Latest reply on Oct 8, 2009 5:42 AM by SolitonMan

    XML Problem - Markup not well-formed? (kinda long)

    SolitonMan

      Hello, I'm working on my first AIR app and I've run into a bit of a snag.  The app is intended to allow users of our system to create a Word document, save it as XML, and then load it into the AIR app and have some manipulation performed to extract data, and finally store the data in a database.  The reasons for this app to exist are pretty irrelevant for the particular problem that I'm having, but a little background on my development efforts might help shed light on my situation, and with luck one of you might be able to help me figure this out.


      I started on this app using the URLLoader and URLRequest objects to load a Word document saved as XML from a server.  This worked fine, I created logic to distinguish between Word 2007 and Word 2003 XML formats and using the E4X XML and XMLList objects I was able to load that XML into an XML object, change it to a string, grab the document body, strip out namespaces and such (formatting is mostly irrelevant here too, only the actual data is of importance) amd eventually get a much simpler XML object or list that contained just the data relevant to the purpose at hand.  This was all working fine, I managed to get both Word XML formats to process as I wished and spit out new XML that will serve as the basis for another application that we run.  Great! 

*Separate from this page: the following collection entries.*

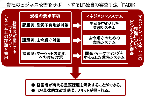 これまでの定期審査をより進化させたのが、ビジネス課題重点審査「FABIK」。 組織が真に重要と捉えていることに焦点を当て、組織のマネジメントシステムの適合性のみならず有効性も判断し、顧客のビジネスをより確かにすることを支援する審査です。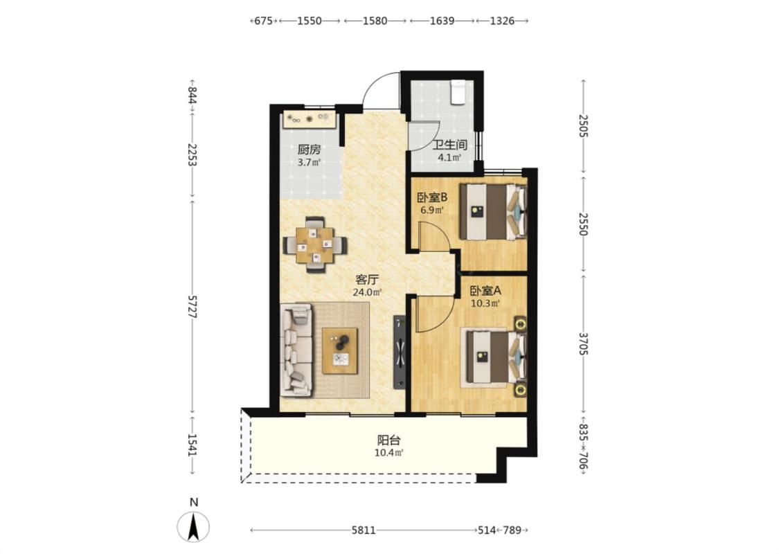 2室1厅 融创海映兰屿二期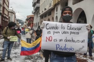 Cuando llegaron al Parque Calderón, los estudiantes se tomaron la calle Bolívar, ahí hicieron una representación simbólica de sus reclamos. No solo el recorte a la educación, también el rechazo a los sonados casos de corrupción que cada día se conocen en el país, recordaron los hechos de octubre.
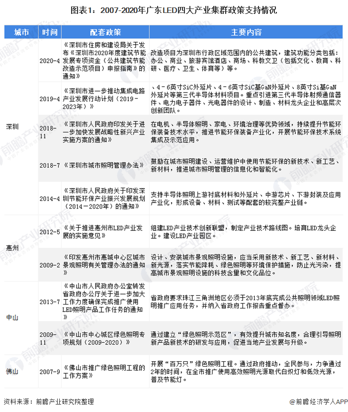 2020年4月,深圳市住房和建设局发布关于《深圳市2020年度建筑节能发展专项资金(公共建筑节能改造示范项目)申报指南》的通知》大力支持公共建筑节能发展,对于推动LED照明产业发展,竞争力提升具有重要作用。在政策支持上,深圳市对于推动LED照明产业发展长期处于行业领先地位。

      The problem was that in order to use this method in a distributed way I needed to have the original Word documents accessible to the code, which meant having the user upload their Word file (saved as XML) and then retrieving it with the URLLoader and URLRequest.  I actually implemented this method using the FileReference object in AS3 and using some simple PHP code to store the file in a server directory that was accessible to the client.  Unfortunately, this lead me to thinking about the security issues involved and how allowing PHP to write to a directory would open it to potential malicious attacks, yada yada yada, you all know the issues.  So I thought that I might be able to read the file before uploading it in the kind of circular logic that sometimes happens.  When I started into the AS3 docs to check on classes to help, I realized that my initial suspicions were correct and that in order to load and read the file locally, I could use AIR, have the user load up their XML file, process it and then send the resulting XML and info to the database directly (eliminating the need to send files to the server AND preventing the need to allow PHP to write to the server in this instance).


      So after a bit of reading and testing, I managed to modify my FLA to publish an AIR file, and started debugging.  My Word 2007 document worked fine - I create a File object and a FileStream object and they are easily able to access the file the user selects via the File.browseForOpen method.  I then run the processing code, which begins by creating an XML object from the data read from the file.  What's happening now is that while the Word 2007 document loads and processes without an issue, the Word 2003 document is causing a 1088 error: The markup in the document following the root element must be well-formed.


      I don't understand why this is happening since the same document in the same format was able to be loaded into an XML object when I used the URLLoader to grab the file.  The only thing I can conclude is that somehow the FileStream.readUTFBytes() method is somehow causing an issue.  I am able to trace out what is being read, but the file is lengthy and I haven't completed my analysis to see if and where the changes are occuring.


      If anyone has any experience with this type of situation, I'd really appreciate hearing about it.  Thanks in advance for any help you can provide.